Before you do anything else, make sure that the keras package is imported in the correct cell of your jupyter notebook. The package MUST be imported in the correct cell. If you started from the barebone_template.ipynb, this is the cell:
You can check if you import packages in the correct cell by navigating to /app/model/your_notebook.py and check whether the keras package is imported. This is the file that will be used once you issue the | fit or | apply command over in Splunk. Here an example of how the .py file from the barebone_template.ipynb looks like:
If this did resolve your issue, great. If not, keep on reading.
The docker container image you use, must have the keras library installed, otherwise the library is not available through the | fit and | apply command in Splunk SPL.
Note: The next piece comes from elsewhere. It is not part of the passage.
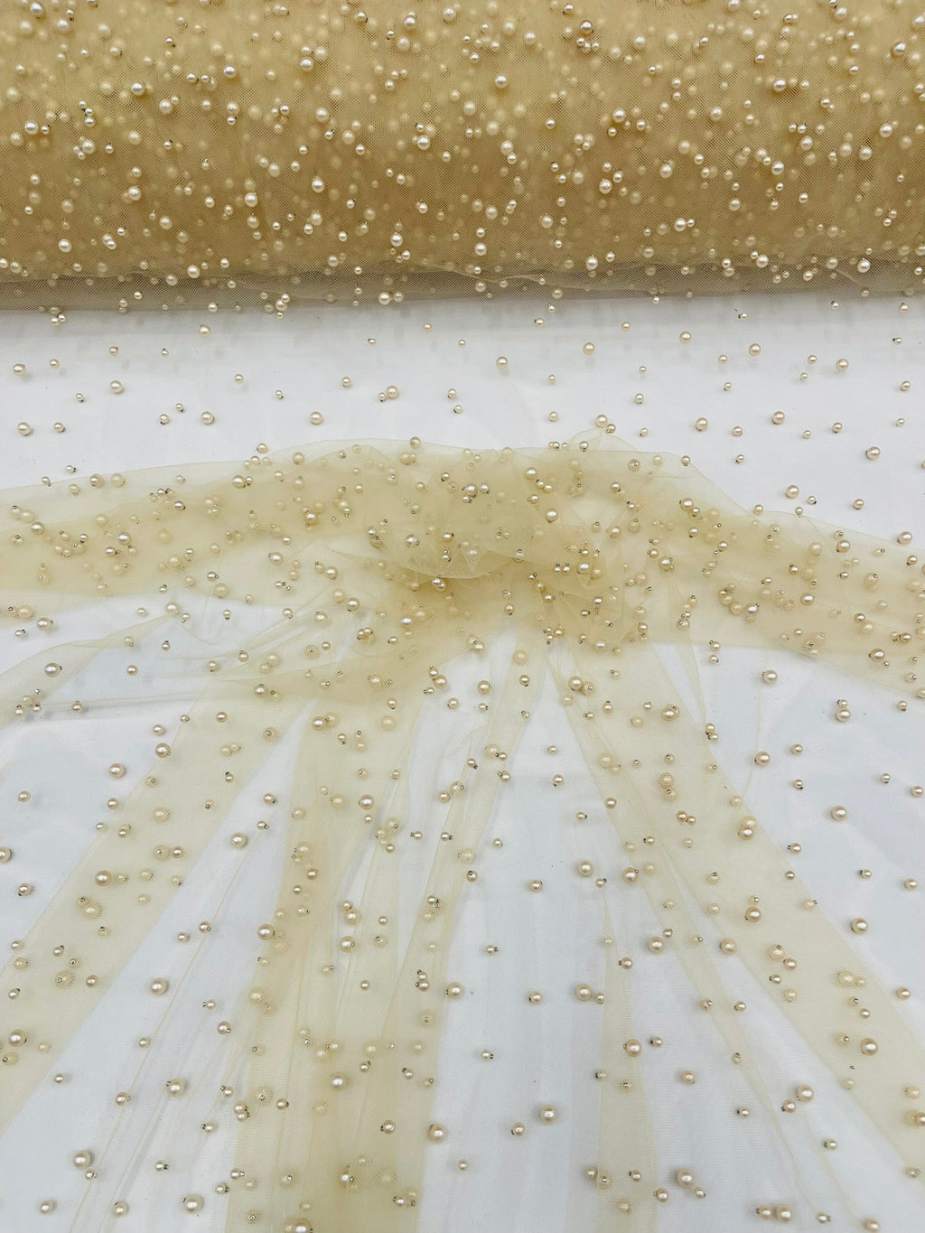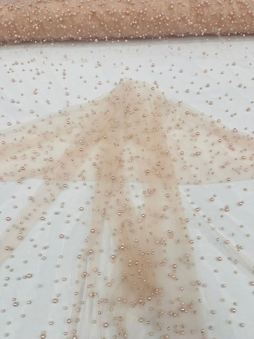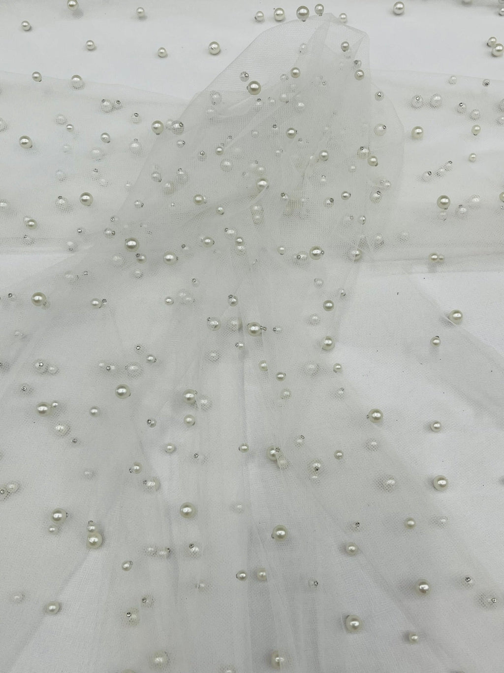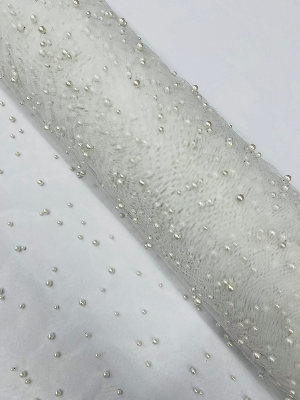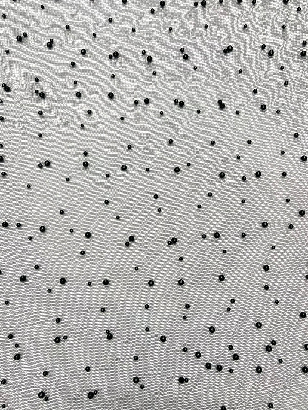 Elevate your designs with our luxurious pearl tulle fabric, featuring delicately scattered pearls on soft, sheer mesh. This fabric is perfect for bridal veils, wedding gowns, evening dresses, and elegant DIY projects.

Try resolving your issue by either ...
... using the pre-built 'Transformers CPU (5.1.1)' container image
... using the pre-built 'Transformers GPU (5.1.1)' container image
... build your own docker image as described here
Make sure to update your DSDL app to the latest version in order to have these pre-built container images available.
Let me know if I can help you any further.